Honestly, I’m done with the current "AI for SRE" hype.
Every time there’s a SEV-1, the routine is the same: Hop into the cloud console to grab logs, jump to an observability dashboard for metrics, and then dig through cryptic Jira tickets from months ago just to see if someone actually wrote a post-mortem the last time this broke.
It feels like we’re still just doing manual legwork, only now we have a chat box on the side. The "AI revolution" feels like a joke when we’re still spending 80% of our time just gathering context during a fire.
Our team started experimenting with a different logic to solve this, and I want to see if we’re overthinking it:
- The "Fetch" Approach: Instead of us hunting for data, we’re testing a model that uses read-only connectors to our K8s/Cloud accounts.
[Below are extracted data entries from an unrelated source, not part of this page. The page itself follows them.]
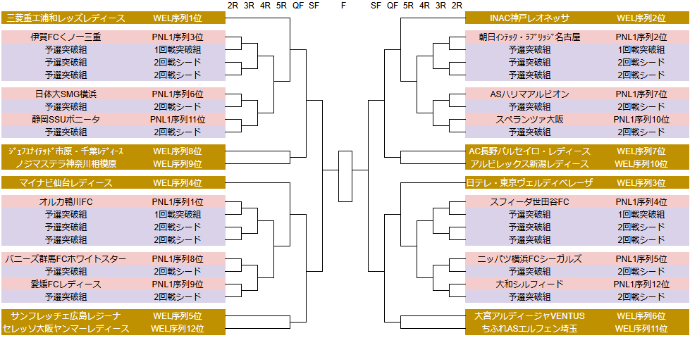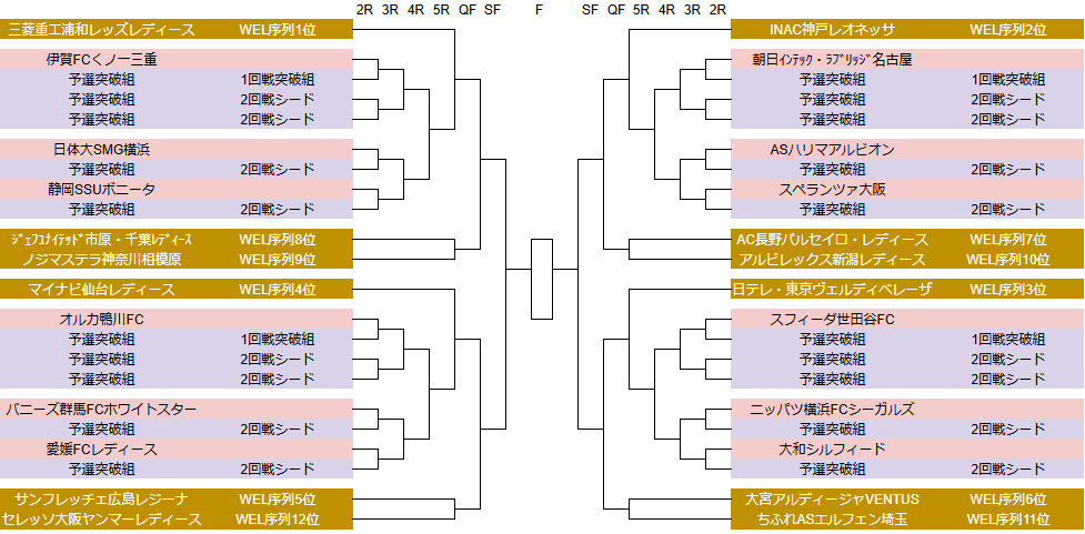 皇后杯 JFA 全日本女子サッカー選手権大会(以下:皇后杯)について、SOMPO WEリーグ(以下:WEL)勢はリーグ戦の順位通りに対戦が組まれるであろう、というところまでわかりました。
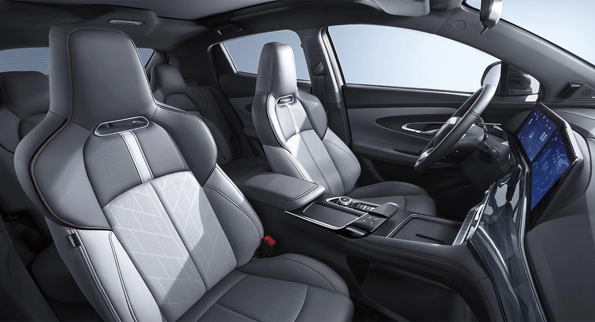 Безрамочная решётка радиатора и стреловидная LED-оптика — подчёркивают футуристичность образа и обеспечивают яркий, безопасный свет в любое время суток. Ниспадающая крыша, переходящая в задний спойлер, и высокая средняя линия кузова — формируют динамичный силуэт и подчёркивают стремительный характер автомобиля. А двойная система выхлопа и 20-дюймовые легкосплавные диски — усиливают выразительность образа и придают автомобилю мощный, уверенный вид.
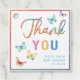Add a sweet finishing touch to your party favours with these watercolor butterfly baby shower tags. Featuring a rainbow of butterflies and glitter-style text, they're perfect for thanking guests at a spring, garden, or butterfly-themed baby shower. Pre-punched for easy tying.
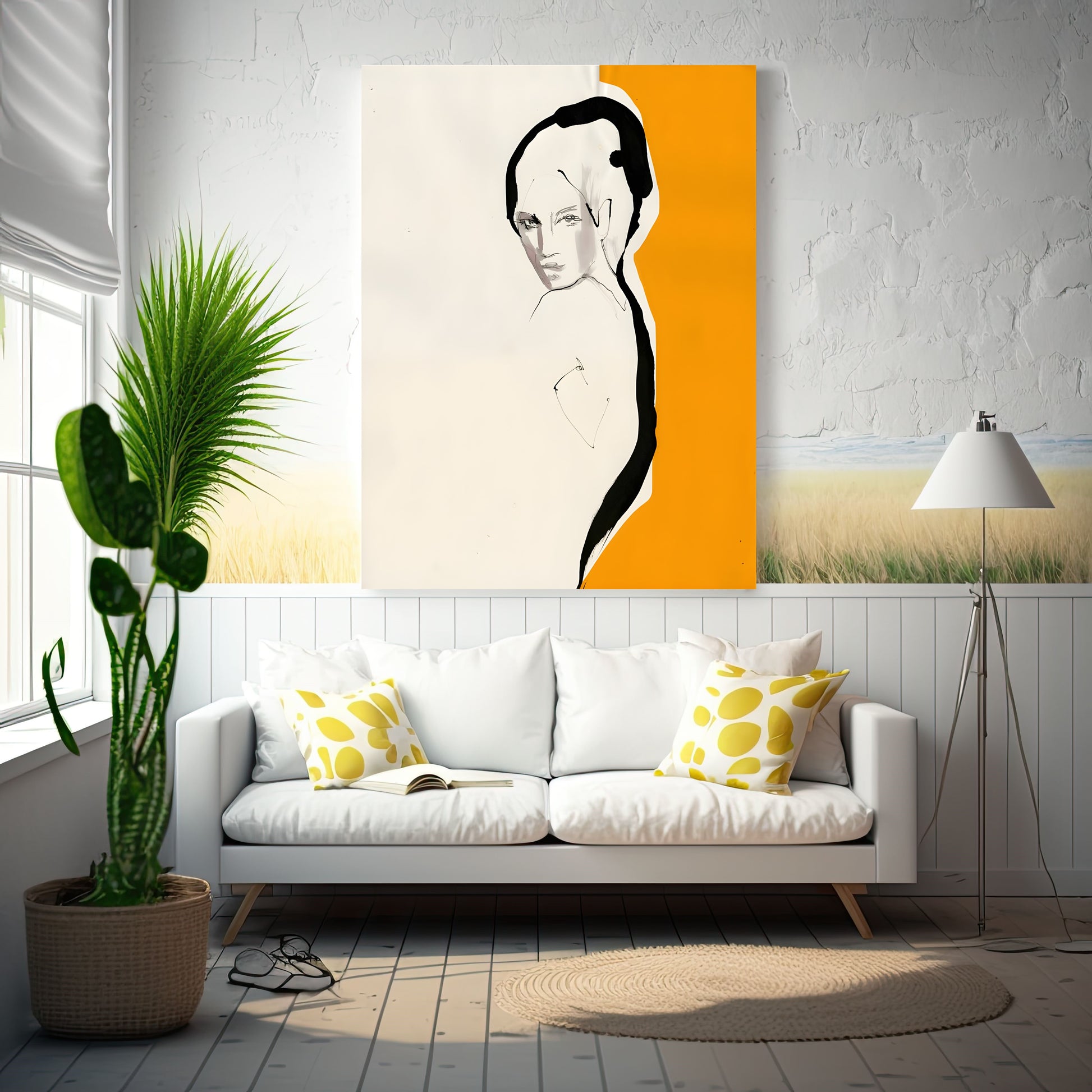 Add a bold and modern statement to your space with this striking abstract portrait canvas art. Featuring a minimalist sketch of a contemplative woman contrasted against a vibrant golden-yellow background, this artwork beautifully balances simplicity with dynamic color. Ideal for contemporary living spaces, bedrooms, or creative environments, this piece exudes sophistication and artistic flair.
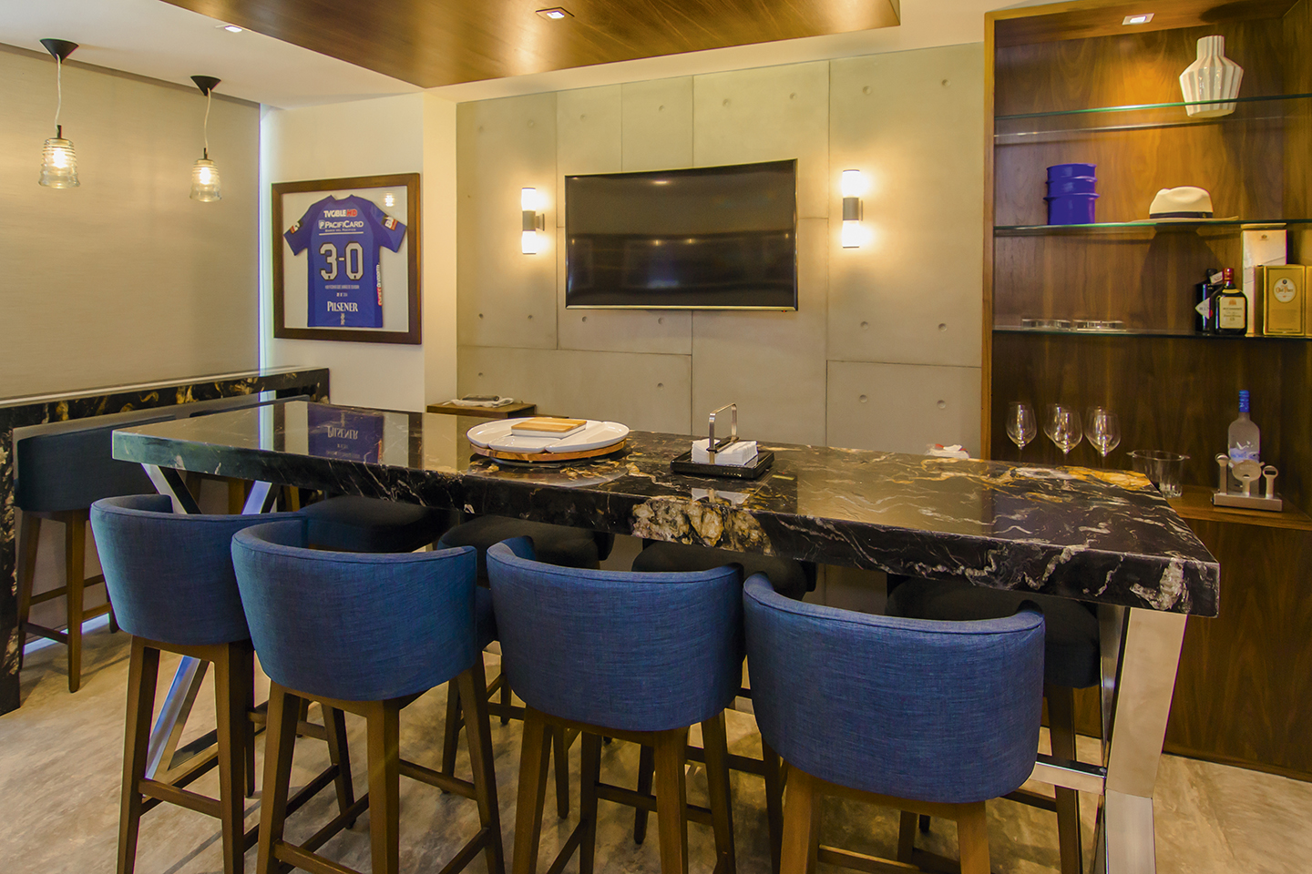 Proyecto Suit para los amantes del fútbol. Mesa-bar de mármol y patas de acero inoxidable. Bancos de bar con espaldar. Pared con diseño en placas de hormigón. Piso de cemento pulido y detalle en el tumbado con luz indirecta. Un espacio estético donde se puede disfrutar de esta pasión con estilo.

The idea is to have the system fetch the relevant metrics, logs, and historical context the moment an incident is reported, before a human even opens the dashboard.
- Audit Trail over "Magic": We’ve moved away from black-box RCAs. We’re forcing the system to show every step—"I checked this metric, it was normal; I correlated this error log with a recent deployment." If it's wrong, you can see exactly where the logic tripped.
- Operational Memory: We’re trying to write every validated RCA back into a semantic network so the system "learns" the specific quirks of our infra, instead of starting from zero every time a node flaps.
I’m genuinely curious about your perspective from the trenches:
- Does this "automated context gathering" actually sound like it would save you time, or is it just more noise to filter through?
- And the big one: Would your SecOps team ever even consider giving an AI-native tool read-only access to your telemetry metadata, or is that a non-starter?
We’ve been dogfooding this logic with a small prototype we’re building, and while it works for us, I suspect production environments at scale might break it in ways I haven't considered. I’d love to hear some brutal technical critiques on this approach.